Investments in AI continue to flow with recent deals including Microsoft looking to improve conversational AI; Paypal acquiring Jetlore to improve online retail; Alibaba partnering with SenseTime to launch an AI lab in Hong Kong; Havas launched an AI centre in Montreal to focus on CX; and Chinese search giant Baidu is spinning out its ad unit in order to focus on AI.
Meanwhile; much of Google’s key announcements at I/O 2018 revolved around AI including the rebrand of Google Research to Google AI, the use of AI to improve conversations, image creation and its news services. For instance, Google’s consolidated news services under the Google News app will leverage AI to give users more of the news they care about.
Other interesting things to note
- Check out this interview with Oath CEO Tim Armstrong in which he talks about the future of consumer data; specifically referencing GDPR and consumer data control including Oath offering a consumer dashboard to control their own data, the importance of improving CX and the ads that are served as well as improving their mobile media offerings.

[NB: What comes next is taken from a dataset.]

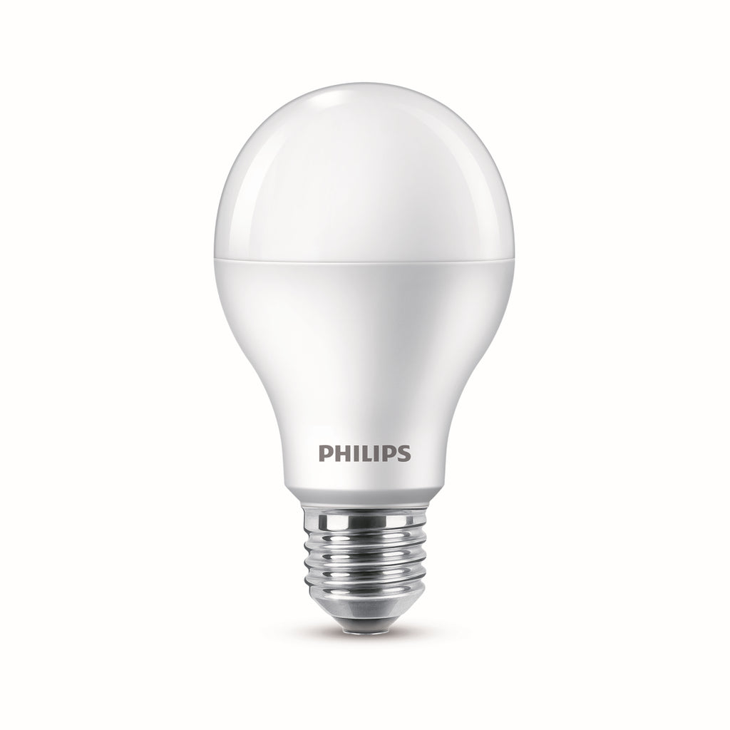 Confezione da 3 lampadine LED Philips A67 con attacco E27, potenza 13W, 1521 lumen, luce bianco naturale 4000K. Equivalenti a 100W alogene, con durata di 15.000 ore e risparmio energetico fino al 90%. Ampiezza di illuminazione 150°.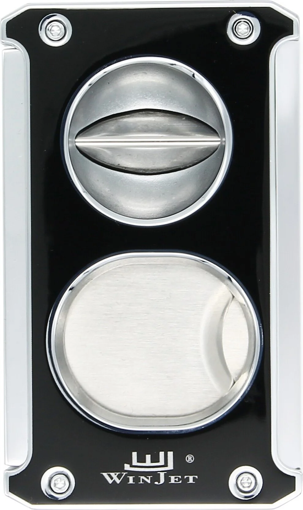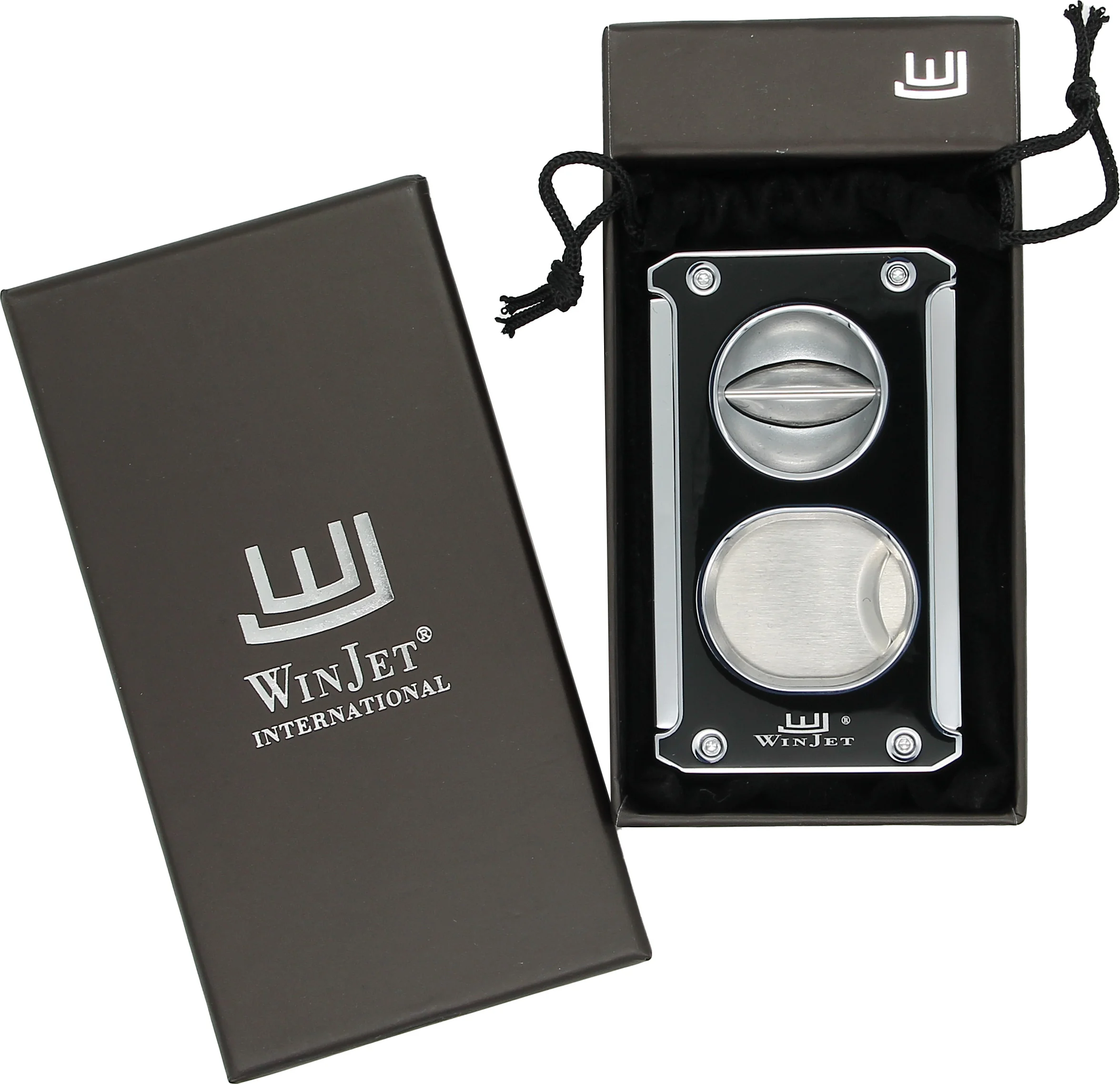 Paranna sikarikokemustasi Winjet 3-in-1 Cigar Cutterilla kiiltävän mustana hopeisin korostuksin. Tämä monipuolinen lisävaruste vastaa sikariharrastajien erilaisiin mieltymyksiin yhdistäen klassisen leikkauksen, V-leikkauksen ja painettavan sikarileikkurin yhdessä työkalussa.

- Google continue to strengthen ad propositions with moves such as a partnerships with Feefo to bolster its AdWords network with review-based ad expertise, the testing of Feed ads – specifically ad cards – and the launch of audio ads to DoubleClick Bid Manager to purchase ad spots on Google Play, Spotify, Soundcloud and TuneIn. Audio ads is of particular significance this month as Pandora acquired AdsWizz – an audio adtech company.